This course is an introductory algebra-based physics course intended for students who have not taken high-school physics or want a review of physics. Topics covered in this course include kinematics, dynamics, energy, momentum, fluids, heat, electrostatics, and DC circuits with a focus on practical applications of these concepts. This course includes a weekly lab.
This course is an algebra-based physics course focused on mechanics and waves. Topics covered in this course include linear kinematics and dynamics, energy, momentum, rotational motion, simple harmonic motion, mechanical waves, and sound. This course includes a weekly lab.
This is a physics course for life sciences students. All the topics covered will be illustrated with applications takes from the life sciences. Topics will include force and motion, conservation of energy, conservation of momentum, conservation of angular momentum, fluids, waves, properties of soft matter and thermal physics.
This is a calculus-based (derivatives and anti-derivatives) course in mechanics intended for students pursuing a career in Engineering or Physics. Topics include vectors, particle kinematics and dynamics, work and energy, thermodynamics, heat engines, momentum and impulse, motion of systems, rotational motion, statics and equilibrium, oscillatory motion, wave motion, and sound.
This course is intended for students proceeding to studies in Applied Science or Engineering. Topics include statics of particles, rigid body forces and equilibrium, structural analysis, internal forces, friction, particle kinematics and dynamics, systems of particles.
This is a non-calculus based course intended for students pursuing a career in Life Sciences. Topics include electrostatics; direct current circuits; magnetic force and field; electromagnetic induction; geometric optics; interference, diffraction, and polarization of light; modern physics and radioactivity; temperature; thermal properties of matter; gas laws; laws of thermodynamics.
This is a physics course for life sciences students. All the topics covered will be illustrated with applications takes from the life sciences. Topics will include waves and optics; electricity and magnetism; modern physics emphasizing radioactivity.
This is an integral calculus-based course intended for students pursuing a career in Engineering or Physics. Topics include electrostatics; capacitance; direct current circuits; magnetic force and field; electromagnetic induction; ac circuits; circuit simulation; computer design of circuits; wave nature of light; geometric optics; wave optics, elements of quantum, atomic and nuclear physics.

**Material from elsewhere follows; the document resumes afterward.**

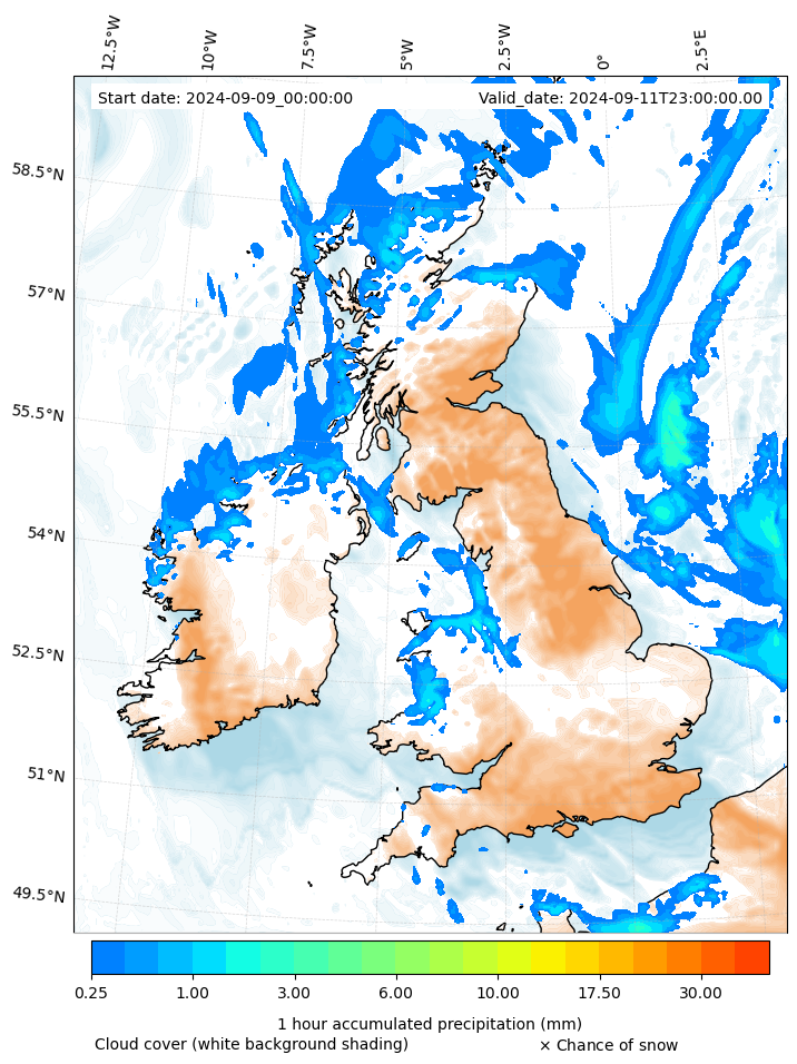 - Snow mixing ratio (g kg¯¹)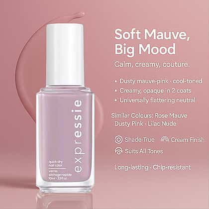 For those looking for softer, clean shades can go with ESSIE Expressie Nail Polish Throw It On that comes in subtle lilac-purple hue. It delivers a creamy wash of color that flatters every skin tone and every mood. One swipe gives you that clean, put-together finish that looks effortlessly elegant. Its quick-dry formula lets you perfect your nails in minutes, while the angled brush ensures precision without the fuss. Chic and conscious, the vegan formula gives you the luxury of shine without compromise. Subtle yet striking, it’s your go-anywhere pastel that pairs with everything from weekend denim to workday blazers.

The course is designed primarily for liberal arts majors. It is a basic introduction to physical science and is intended for students with little or no science background. It will present an integrated approach to topics in physics: the topics themselves, as well as the historical reasons for their acceptance. The topics will include the historical evolution of scientific method, laws of motion, gravitation, matter and energy, heat and temperature, light, atoms and atomic nuclei, special relativity, and elements of astronomy. Laboratory exercises will illustrate the practical applications of the course content.
The course will consist of a series of labs involving both activities and experiments based on concepts covered in PHYS 1108 and PHYS 1208. Experiments in mechanics, heat, optics and electricity are designed to augment the concepts covered in the Physics for Life Sciences courses.
A course in classical mechanics covering kinematics, dynamics, calculus of variations including Lagrange's equations, non-inertial reference frames, central forces and orbits, rigid body motion, and Hamiltonian mechanics.
This course is an introduction to modern physics. The first part will focus on special relativity: Lorentz transformation, relativistic kinematics and dynamics, and conservation laws. The second part will focus on quantum mechanics: matter waves, early quantum models as well as the experimental evidence for quantization, a qualitative discussion of the concepts of quantum mechanics and their application to simple systems.